Green infrastructure offers “natural” solutions to deal with excess stormwater, and can include adding trees, permeable pavement, bioretention areas, rain gardens, planter boxes and the like.

The village has been working with the firm Crawford and Associates Engineering to come up with possible green solutions to the flooding problems, and several months ago applied for the grant to help pay for it. That grant has now been awarded to the village.

“We are going to tear up some impervious surfaces in the village so water can seep into the ground easier, and we are going to have some bio-retention areas, not ponds,” Warner explained. “The biggest portion is daylighting portions of the Hannacroix Creek — that is all going to be done with this grant.”

Creek daylighting involves redirecting a stream to a more natural state to help reduce runoff, rather that having it diverted into a culvert, pipe or drainage system.

Deputy Mayor Bill Bailey clarified that the grant involves work on the stream behind Main Street, which is a tributary of the Hannacroix Creek, and not the creek itself.

The $375,000 grant will pay for the bulk of the project, but the village will be required to cover a portion of it through in-kind services — not through funds.

“We don’t have to match this in cash,” Warner said. “We will have to match it in approximately $45,000 worth of labor, which is great because we have the ability and the [public works] crew to do that.”

Other sites in the village were considered in the original green infrastructure feasibility study, but the grant will only be applied to the municipal lot on Main Street.

“This is great for us,” Warner said. “It won’t solve all of our problems, but it will certainly be a step in the right direction and help alleviate some of the flooding to those badly-hit areas.”

The grant has been awarded, but work is not expected to start for several months.

“The contracts won’t come out until April or May, so it will take some time for this to get rolling and for the work to start,” Warner said.

But when the times comes, she added, Village Foreman Henry Traver and the public works department “will be ready when we get the go-ahead.”

The green infrastructure grant comes on the heels of another sizable grant the village received for installing a new water main.
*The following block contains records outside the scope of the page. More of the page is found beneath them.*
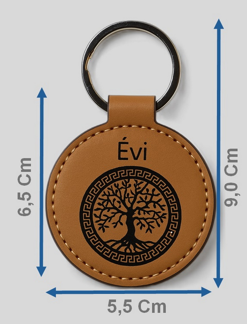 Görög életfa (kerek) prémium öko-bőr kulcstartó
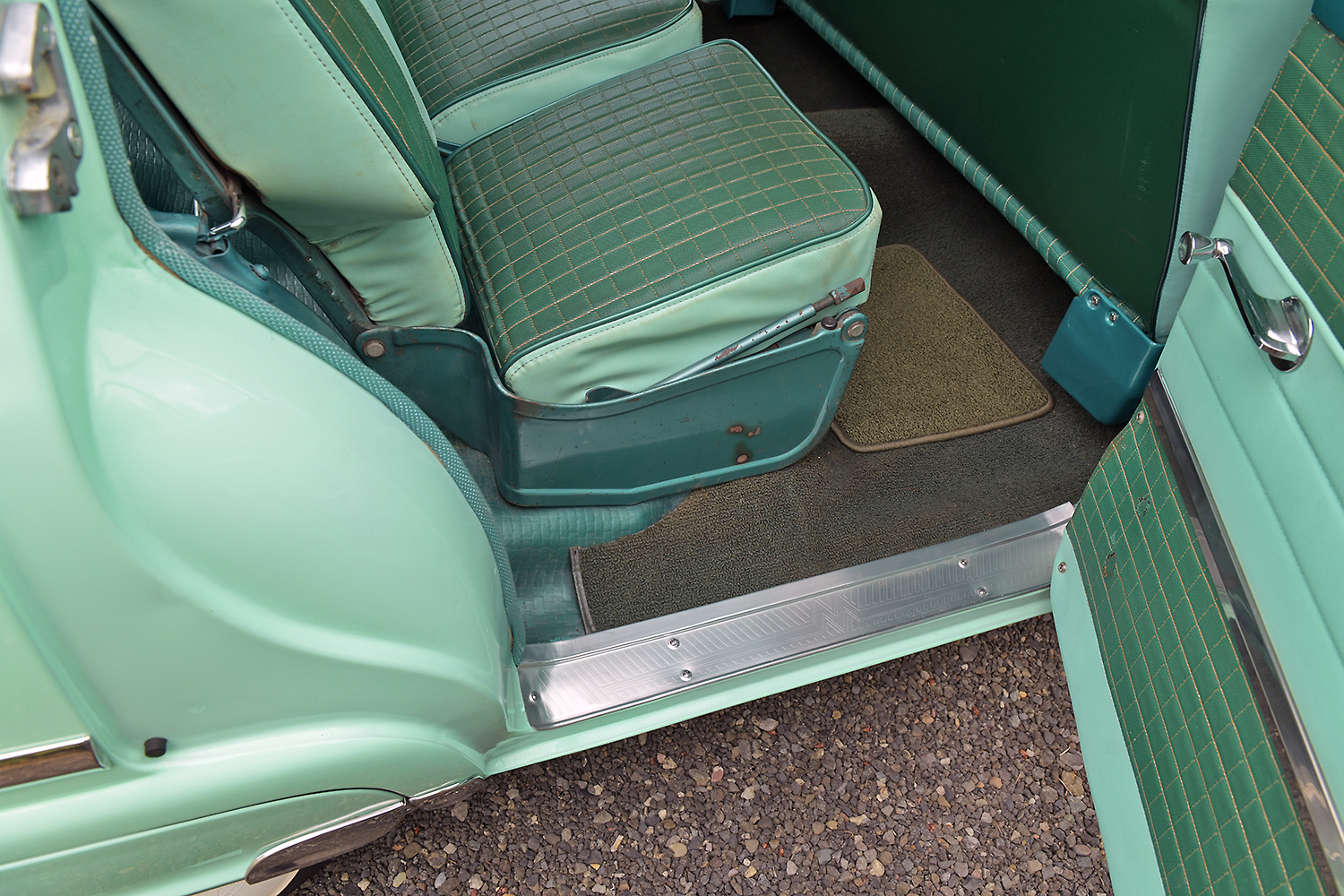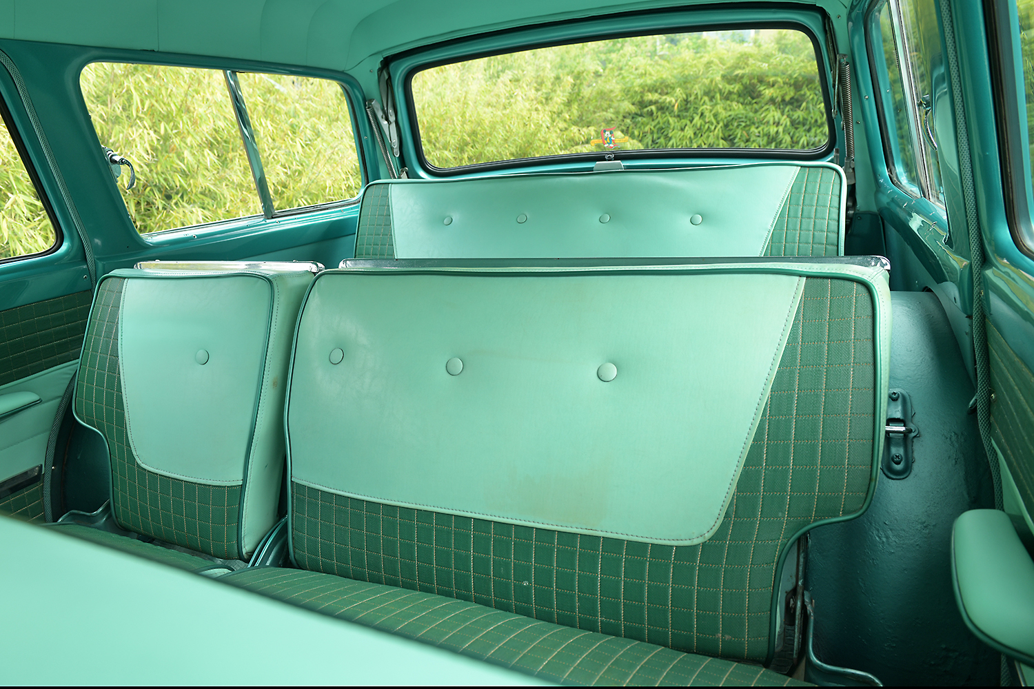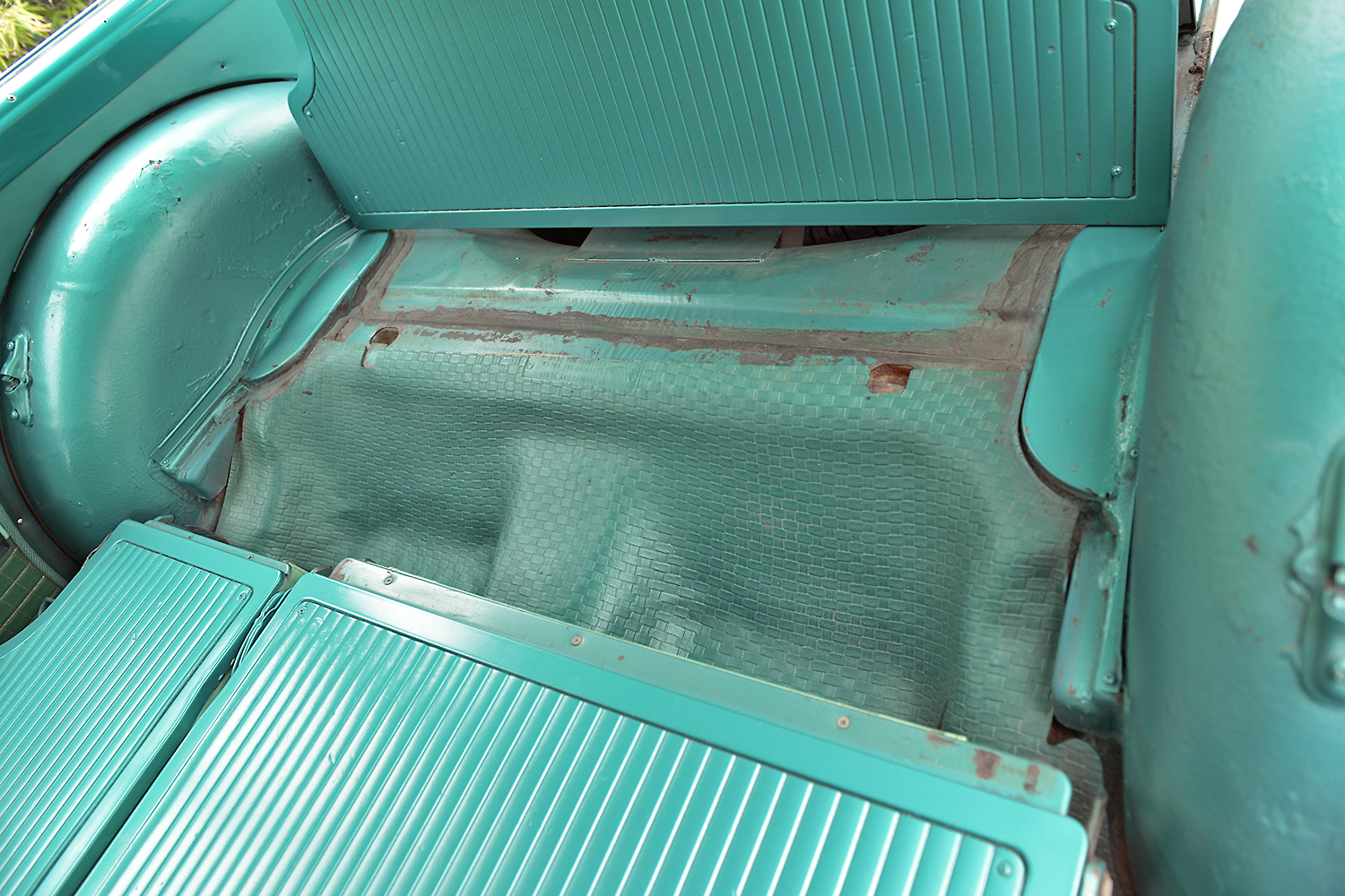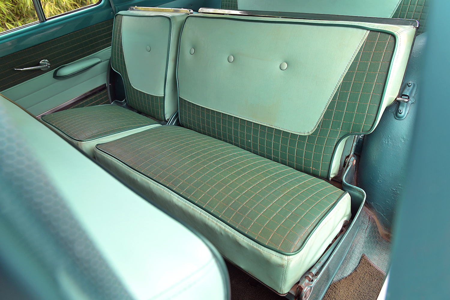 The interior is done in "Green Square Chromatex". The front seat was redone using NOS materials, the remainder is original.
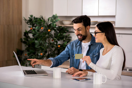 Cheerful young couple using online banking
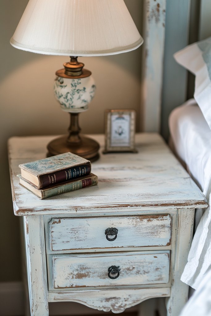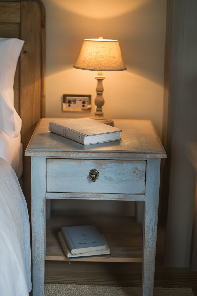 Visualize a little bedside table with a soft, matte finish in a muted pastel or off-white shade. The paint’s chalky texture gives it an aged appearance, with subtle cracks and chips that add authenticity. You might distress the edges with sandpaper to reveal glimpses of the wood underneath. The overall effect is cozy, inviting, and full of nostalgic charm. It pairs well with vintage textiles and soft lighting.

That money has already begun coming in.

“So far we have received back $250,000 to reimburse us for the loan that we had to take out, so that money is coming in,” Warner said. “Those are two projects we worked hard on and it’s all coming into play now.”

Mayor Bill Misuraca pointed out that over the past several years, millions of dollars in grant money has been awarded to the village for substantial infrastructure projects.

“That’s almost $6 million in grant money, free money, that we have been able to get for the village,” Misuraca said. “To not have to overtax and put that burden on the taxpayers and get some real work done, it’s wonderful.”